> **WHAT YOU ARE ASKED TO DO**
Would you give the listing again exactly, without its images?

> **SOURCE DATA**
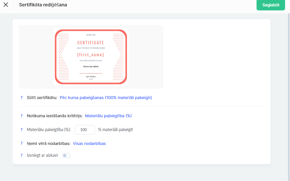 Pēc noklusējuma sertifikāts tiek izsniegts, kad ir izpildīti 100 % uzdevumu un noskatītas visas nodarbības. -
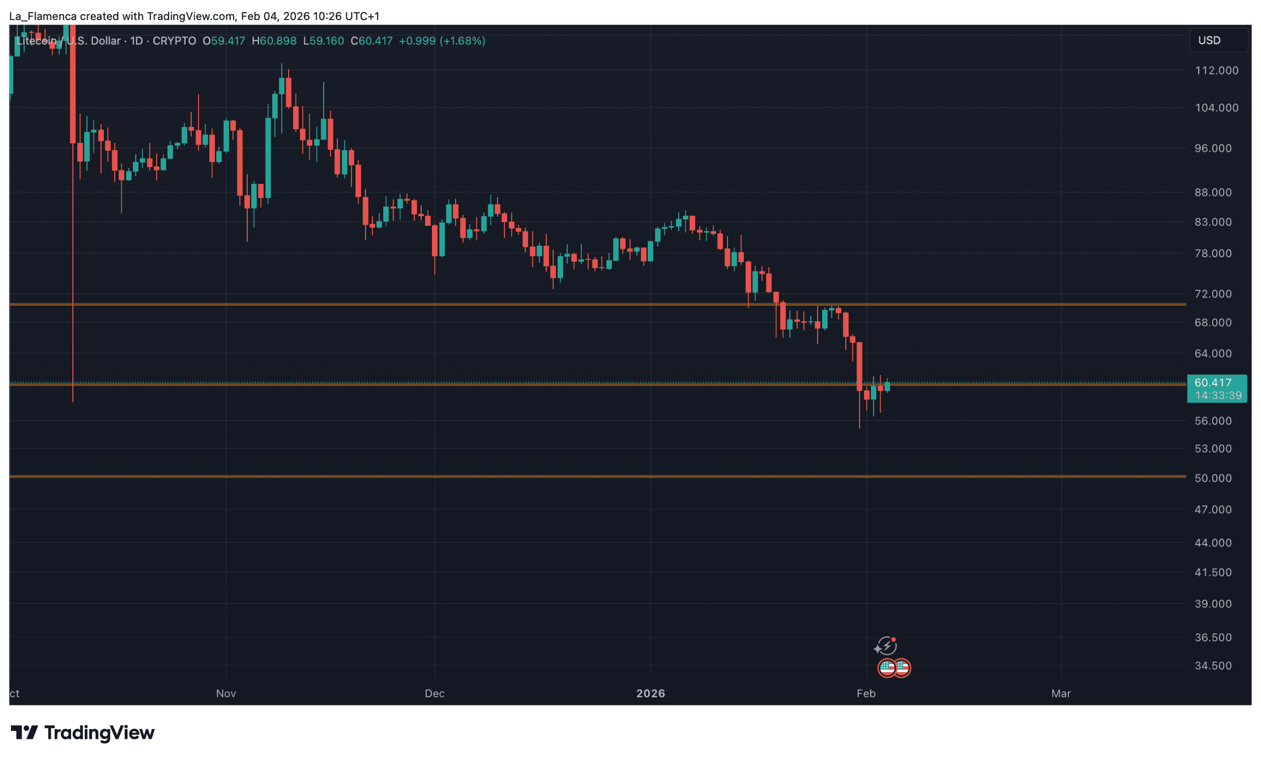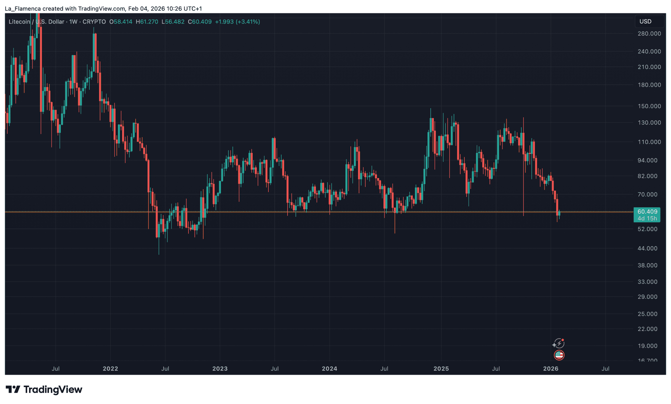 Der Kurs von Litecoin ist an einem bekannten Preisniveau angekommen. Seit Jahren sorgt der Preis von 60 US‑Dollar sowohl für Unterstützung als auch für Widerstand. Zum Zeitpunkt des Schreibens liegt Litecoin bei 60,41 US‑Dollar.
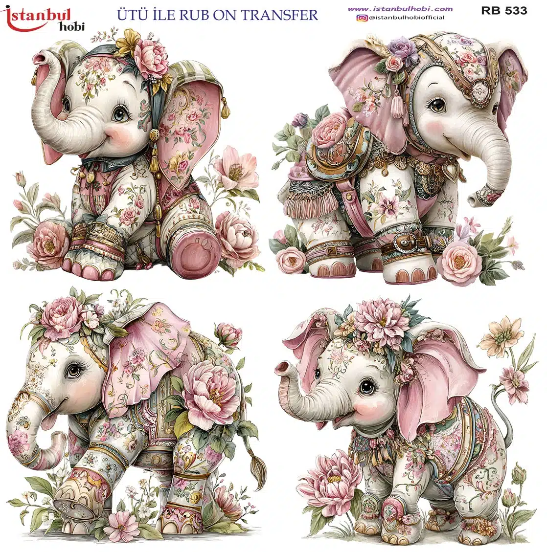 Ütü ile Rub On Transfer Kağıdı: Dekoratif Süsleme Kağıdı – RB533-İST | 30×30 cm

> **REPLY TO THE TASK**
 Pēc noklusējuma sertifikāts tiek izsniegts, kad ir izpildīti 100 % uzdevumu un noskatītas visas nodarbības. -
 Der Kurs von Litecoin ist an einem bekannten Preisniveau angekommen. Seit Jahren sorgt der Preis von 60 US‑Dollar sowohl für Unterstützung als auch für Widerstand. Zum Zeitpunkt des Schreibens liegt Litecoin bei 60,41 US‑Dollar.
 Ütü ile Rub On Transfer Kağıdı: Dekoratif Süsleme Kağıdı – RB533-İST | 30×30 cm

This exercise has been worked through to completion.